RECORDS SHOWN |

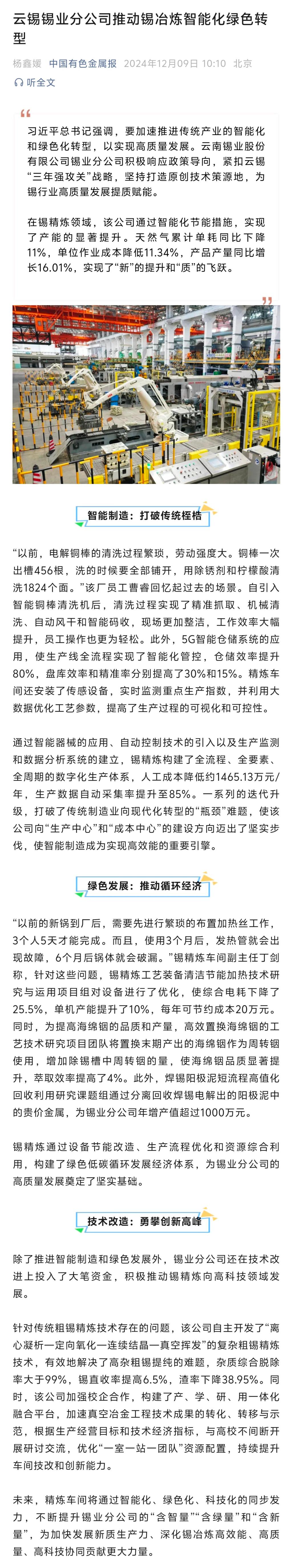 中國有色金屬報:錫業分公司推動錫冶煉智能化綠色轉型
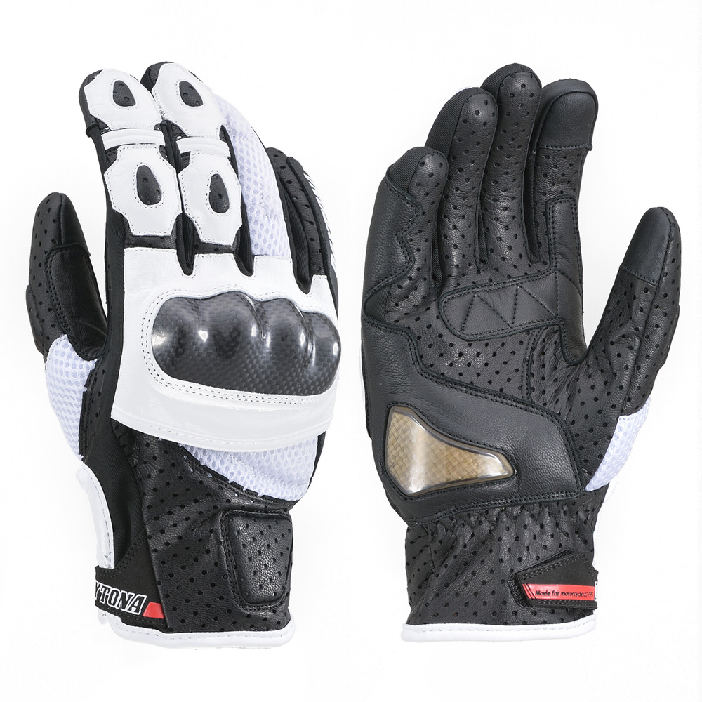 本革の安全性×高通気性。スポーツタイプの夏用フラッグシップモデル。パンチングゴートレザーとメッシュ生地を使用し高い通気性と安全性を確保。転倒時、手の平の衝撃を滑らせて逃がすパームスライダー装備。タッチパネル対応。素材:本革(やぎ革)プロテクター:カーボンパームスライダー:TPU
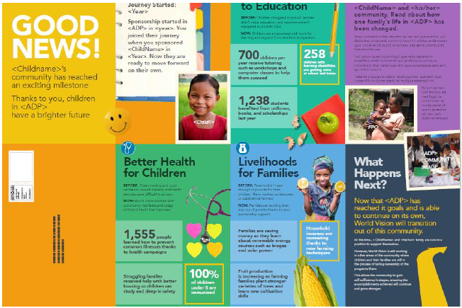 This project required exceptional leadership as eight departments and two external vendors had to work in tandem and cross functionally to ensure the successful transfer of over 20,000 child sponsorships, affecting over 12,000 donors. Focusing on core project management principles the cross-functional team created a single unified internal processing system, simplified the complicated communication plan and streamlined the digital experience. These improvements led to staff being better able to connect, engage and inform donors of the upcoming change, reducing confusion and concern and empowering donors with choice for their giving options resulting in with year over year improved retention rates and cost savings.
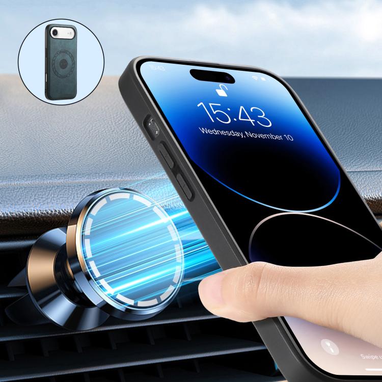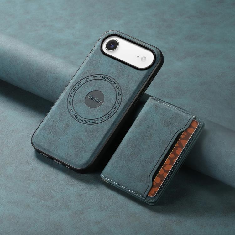 Funda de cuero con textura retro para iPhone Air Denior D13, con tarjetero MagSafe (azul)
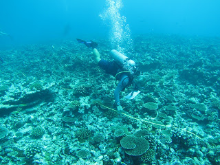 After a short flight from Mahé to Denis, we settled in to our accommodation on the staff estate and had a bite to eat before getting to work. The dive center was short on clients that afternoon, so they took us on a private cruise to the dive sites Batfish and Aquarium, where we started our surveys. Georgia surveyed fish while I surveyed coral, swimming a 50 meter belt transect and recording the percentage of substrate covered by hard and soft coral 2.5 meters to either side of the transect and every 5 meters along the transect.
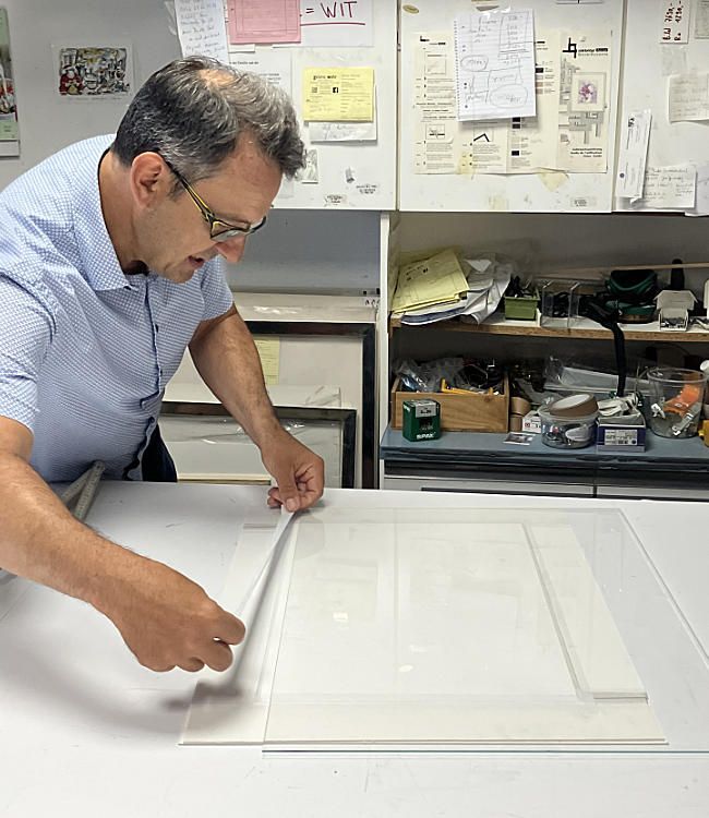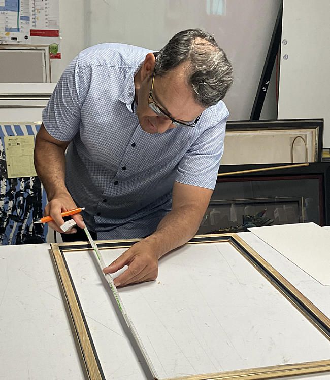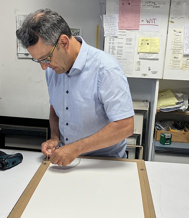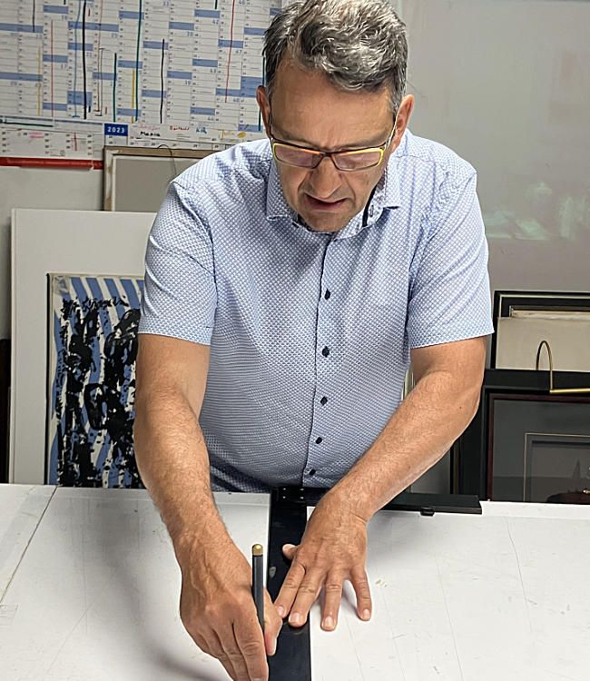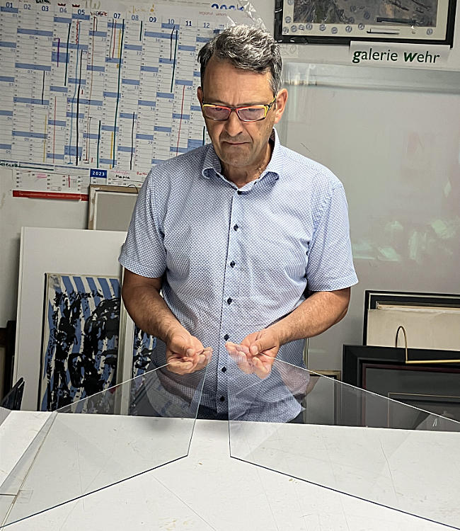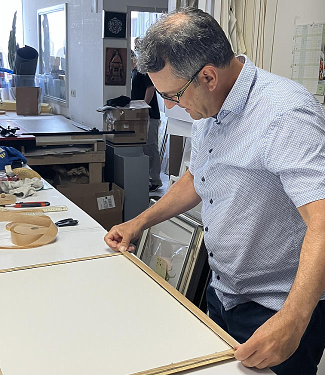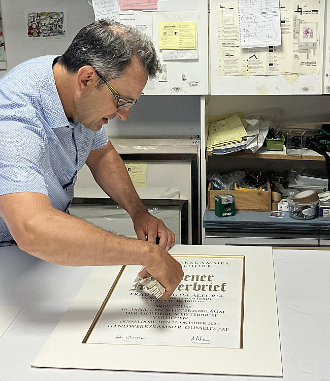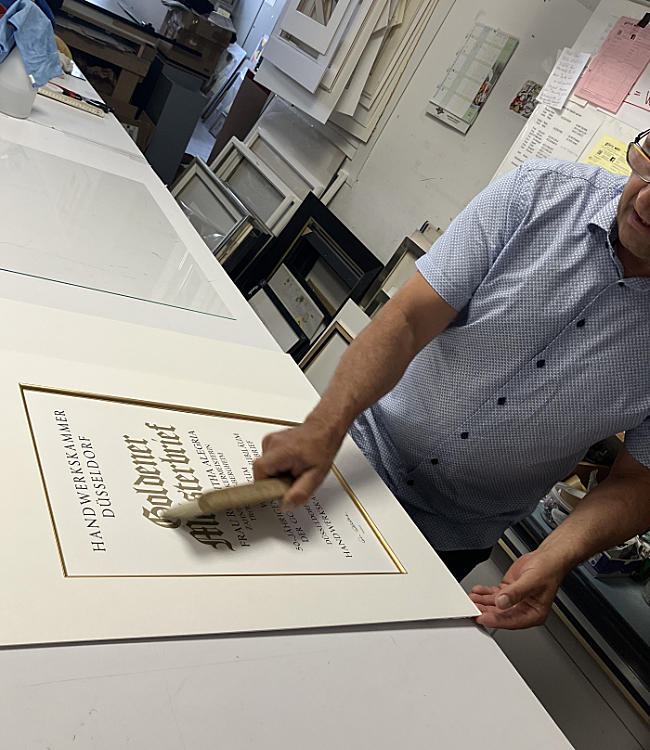 Dem Meister beim Rahmen mal auf die Finger geschaut – hier eine kleine Auswahl der gefühlt tausend präzisen Handgriffe, die es braucht, um solch einen Brief meisterlich zu rahmen.

WORK REQUEST | Starting at the line with "After a short" and stopping at the final line of the material, reproduce each line exactly, both ends included. Leave the pictures out.

WRITTEN ANSWER |
 After a short flight from Mahé to Denis, we settled in to our accommodation on the staff estate and had a bite to eat before getting to work. The dive center was short on clients that afternoon, so they took us on a private cruise to the dive sites Batfish and Aquarium, where we started our surveys. Georgia surveyed fish while I surveyed coral, swimming a 50 meter belt transect and recording the percentage of substrate covered by hard and soft coral 2.5 meters to either side of the transect and every 5 meters along the transect.
 Dem Meister beim Rahmen mal auf die Finger geschaut – hier eine kleine Auswahl der gefühlt tausend präzisen Handgriffe, die es braucht, um solch einen Brief meisterlich zu rahmen.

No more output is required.